Bob isn't happy - not happy at all. Chase Enterprises (whose CEO wears the red hat) has somehow got the planning permission to develop a golf course on the very dunes that his daughter, geomorphologist, Jane, wrote about in her impact report, a warning subsequently ignored by Eden's local council.
Chase is a persuasive man though - aren't they always - and he enlists Sophie, a locally raised go-getting marketing whizz to get the community onboard - especially Bob. But Sophie's return to Eden proves more complicated than even she imagined.
There's much to admire in Hannah Patterson's play that pits town against country, development against conservation, corruption against integrity, love against careers, the big guy against the little guy. But the sheer familiarity of those tropes is the weakest element of the play - we see it all coming.
It's beautifully done though, with some particularly outstanding work from Sean Jackson and Mariah Gale, who look uncannily like a father and daughter and play off each other as an awkward squad of two perfectly. Michael Simkins does what he can with Chase, but he's inevitably more caricature than character.

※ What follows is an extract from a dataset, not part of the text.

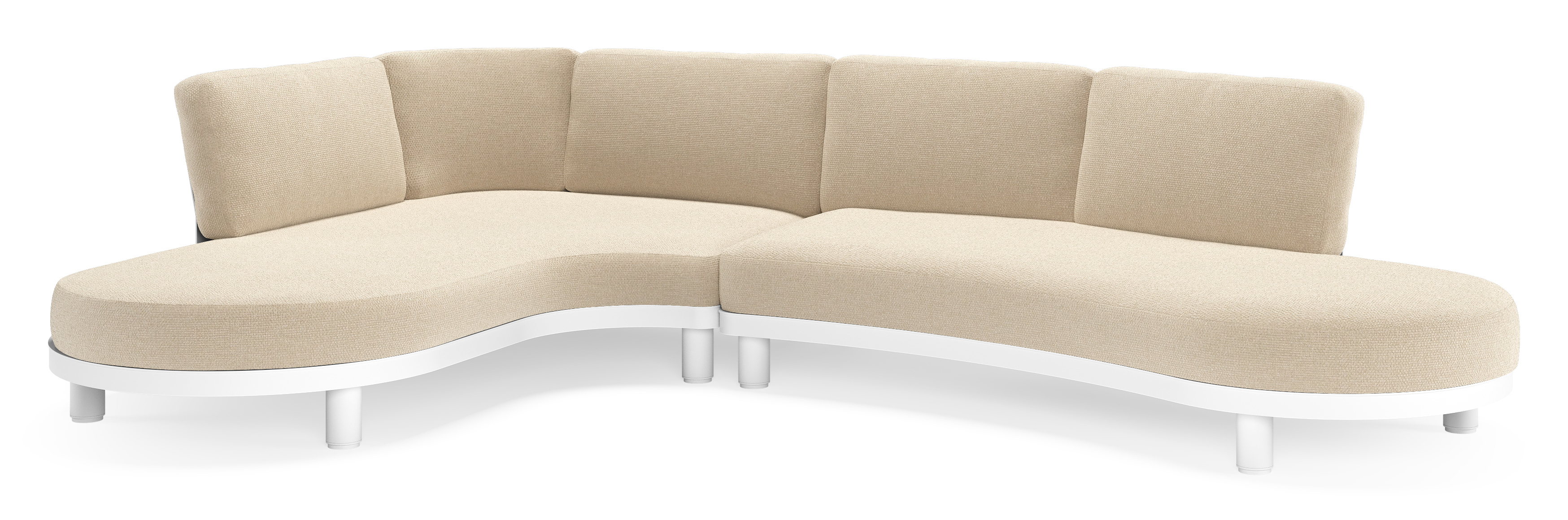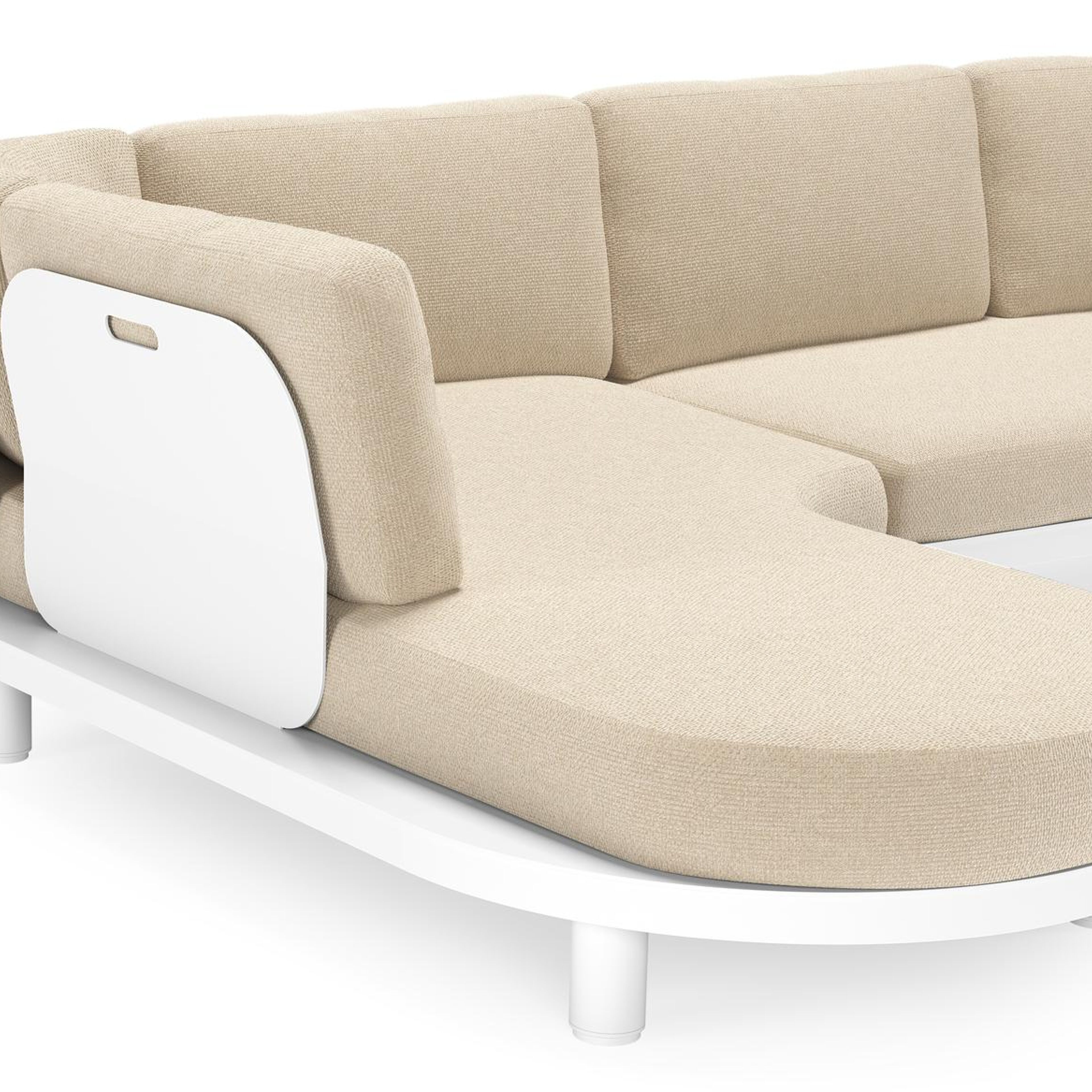 Salon de jardin d'angle Donato en aluminium blanc et coussins en all weather cosytica Althea Chalk | Exterioo mobilier de jardin

Yolanda Kettle has a tough time with homecoming executive Sophie - she's bright, but not bright enough to see that she's being played; she's ambitious, but still provincial in her outlook; and she's sentimental, but established a career in property development, a field that chews up and spits out sentimental types with a ferocious lack of regard.
Laurietta Essien demonstrates the brisk efficiency one expects of a council leader, but the part is underwritten, a glimpse of her hinterland present when she asks Sophie if she knows how hard it has been for an outsider to reach her position. Now that would have made a storyline! Adrian Richards delivers four cameo roles largely (and very effectively) for comic relief.
A word too for Jasmine Swan's work with director Matthew Xia. It's no easy gig to evoke the dunes' salt-tinged tang in the wind and gritty ubiquity of sand in a black box downstairs in Swiss Cottage, but they do pull it off on a tiny traverse stage - super work!
Ultimately, there isn't quite enough narrative energy to sustain the play for its two hours running time, the characters pretty much on tramlines towards their destinations from the first time we meet them until last. Someone - anyone - needed to do something unexpected to inject a little grit into the oyster if the play were to reach its considerable potential.
Oh and my view of that development in the photo? Maybe I'm the wrong person to ask, because destructive as it was of the environment in which I grew up and nostalgic as I am for the views of the ships moored on the Bar that I could see from my parents' bedroom window (like my parents, that's gone forever), I support the Freeport. It brought money, jobs and, most important, hope to a city hollowed out by a century of economic decline. It didn't all work out for the best - it seldom does.
And there's mile after mile of sand dunes all the way up the Lancashire coast if that's your thing.